In January, UNC-system President Thomas Ross set out in the first month of his tenure to push for more efficient university operations. He announced that Jim Woodward, the former chancellor of UNC-Charlotte and N.C. State University, would lead the review of the system’s 2,000 degree programs.
Last week, after seven months of reviewing, Woodward returned without identifying any unnecessarily duplicated programs and without ever having defined what exactly he was looking for. In the post-presentation spin, NCSU Chancellor Randy Woodson said he was unsurprised by his predecessor’s findings, or lack thereof, saying they pointed “to some opportunities for collaboration.”
From his non-findings, Woodward said this collaboration could be facilitated by online education, which, in the past week, has quickly grown into BOG’s latest passion project. The General Administration is now looking within its ranks to create a position that would oversee online education — a position BOG members said would have to be filled by someone ready to “walk on water.”
If history is any guide, that person is not within the board’s ranks.

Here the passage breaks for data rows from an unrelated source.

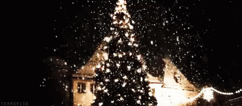 Paglalarawan ng Content: a christmas tree is lit up at night and snow is falling around it .
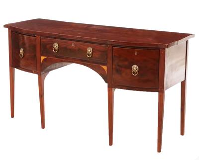 Description: English Regency Period Sideboard, Circa 1820; Bow front over central drawer flanked with cellarette drawers; on a shaped apron with square tapering legs.
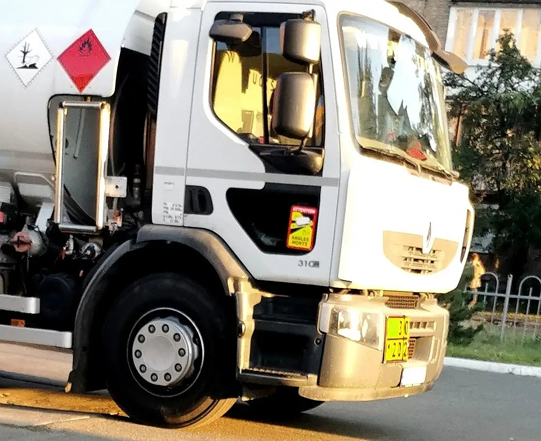 Так, на представленном топливозаправщике Renault Premium Distribution 310, работающем в одной из украинской сети АЗС, водитель прикрепил наклейку на правую дверь, в нижнем правом углу. Казалось бы, это ее законное место. Однако в данном случае в этой части двери установлено дополнительное окно для лучшего обзора около колесного пространства, в частности тротуара.
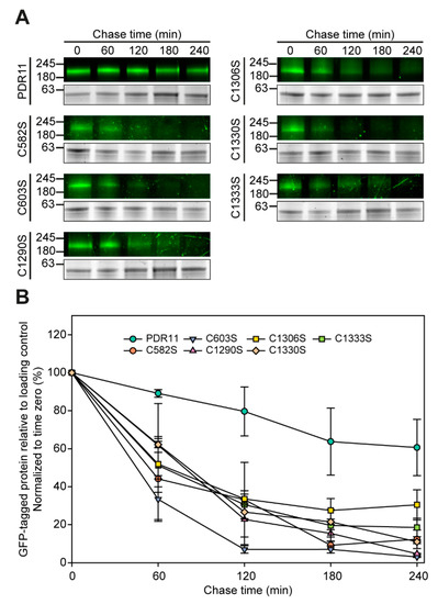 3.3. Single Cysteine Mutations Affect Trafficking of Pdr11p to the Plasma Membrane and Protein Stability
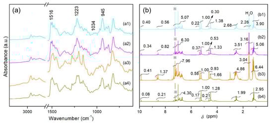 (a) FT-IR spectra and (b) 1H-NMR spectra of the 5mM Ce(OOCCH3)3·5H2O (a1, b1), 5mM CeCl3·7H2O (a2, b2), 5mM Ce(NO3)3·6H2O (a3, b3), and neat 4EP-pPDA (a4, b4) after curing at 150 °C for 1 h.

Last year, the board used former UNC-system President Erskine Bowles’ final year in office to formulate a four-year tuition plan that campuses have taken no time to scrap. The plan reaffirmed the 6.5 percent cap on tuition increases, emphasizing the need to maintain affordable access to public education in North Carolina.
In the first year since the passage of that tuition plan, UNC has discarded the cap, moving to raise in-state tuition by 15.6 percent. To do so, it’s taking advantage of a “catch-up” clause designed to allow system schools to exceed the cap — but remain within the bottom quartile of their peers — after years without tuition hikes.
Because the board has allowed a loose interpretation of this clause, UNC is looking to more than double the 6.5 percent cap with its proposed in-state tuition hikes. It’s little wonder why BOG Chairwoman Hannah Gage told one Daily Tar Heel reporter that, “at the time, we kind of knew that there was a strong possibility that this would open the door wider than we wanted to open it.”
Now, students are paying the price for that misstep, which Gage said many campuses have interpreted “as encouragement.”
The board must ensure that its talk about online education doesn’t turn into just that — talk.
That action must be coupled with a clear statement at the beginning of what kind of online programming the system wants to incorporate into its curriculum. It must consider the drawbacks of online classes: They don’t allow for the quality of collaboration found through face-to-face discussion in small classes. Online, professors can’t spend as much time per student with larger class sizes.
They can also be more expensive than courses on campus.
These considerations can help avoid the missteps of the past before it becomes too late and too costly to all the system’s stakeholders.